Scientists from the University of Colorado are developing a new type of “rectenna” to efficiently “harvest” thermal emissions (waste heat) radiated from devices (a rectenna converts electromagnetic radiation to DC current).

Currently rectennas work best at low frequencies, but most heat is at higher radiation frequencies — up to the 100 THz (100 trillion cycles per second) range. So Won Park and his colleagues found a way to enhance thermal emission of hot bodies at the lower end of the spectrum (around 1 THz): by manipulating the surface of the object.

A metamaterial for engineering thermal emission

Park’s team uses software to analyze how the nanoscale topology of a surface — its bumps, holes or grooves — changes the way that electromagnetic radiation interacts with the surface. In some instances the geometry supports the formation of a wave of rippling electronic charges, called a plasmon, that hugs the surface.

“We design the surface to support a surface wave, because the presence of the wave offers a new avenue for engineering thermal emission,” Park said. For the case of optimizing thermal energy harvesting, the researchers found they could “spectrally tune” a surface to emit more radiation at 1 THz frequency.

The researchers first optimized the design, which consists of a copper plate with a regular array of tiny holes, using simulations. They then built the design in the lab and confirmed that the plate did indeed produce the type of surface waves predicted by the simulations.

The researchers also used computer modeling to design a bowtie-shaped antenna that would effectively capture the enhanced thermal emission. Simulations predict that an antenna placed near the holey surface could capture 10,000 to 100,000 times more thermal energy than an antenna in open space.

The team is in the process of experimentally testing this prediction and hopes to have new results to report soon. The results will also help the team calculate how rectenna thermal energy harvesting might compare to other ways of harvesting waste heat, such as thermoelectric materials.

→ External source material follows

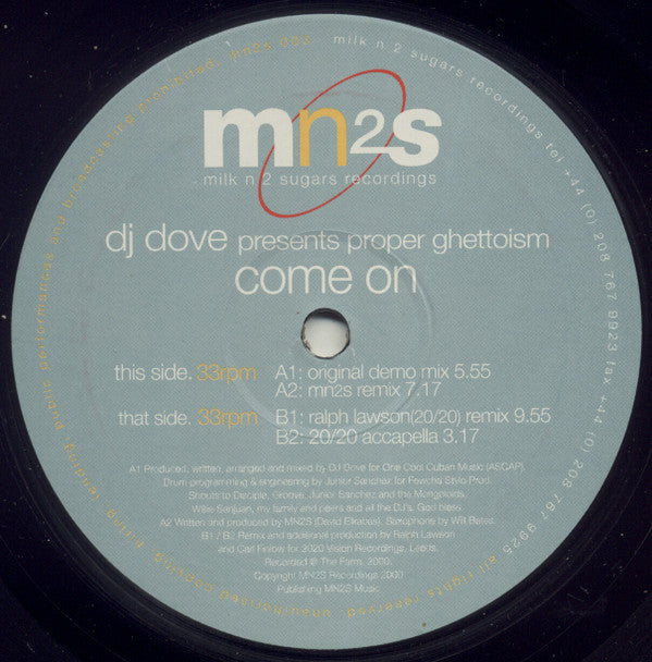 DJ Dove Presents Proper Ghettoism - Come On mn2s 003 (12") (Near Mint (NM or M-))

The researchers described the system at the AVS 62nd International Symposium and Exhibition in San Jose, Calif. today (Monday, Oct. 19). The research is funded in part by a grant from Redwave Energy Inc.

Abstract of Metamaterial Enhanced Rectenna for Efficient Energy Harvesting

Rectenna solar cell offers an important alternative to the conventional semiconductor solar cell technology. Direct rectification of electromagnetic radiation faces many challenges one of which is the high frequency of operation. Thermal emission from hot bodies peaks at 10 ~ 100 THz while solar radiation has its maximum at around 600 THz. One may circumvent this difficulty if sufficiently strong thermal radiation is available at lower frequencies. In general, thermal emission is described well by the theory of blackbody radiation while the property of the non-black surface is characterized by its emissivity. When the surface supports surface waves, however, the properties of thermal emission can deviate substantially from the blackbody radiation, offering a new avenue for engineering thermal emission. For example, spatially coherent and spectrally selective thermal emission may be achieved. The presence of surface waves also means enhanced local density of states near the surface, which consequently leads to strongly modified thermal emission intensity and spectrum in the near field. In this paper, we report a metamaterial design to achieve enhanced thermal emission at 1 THz.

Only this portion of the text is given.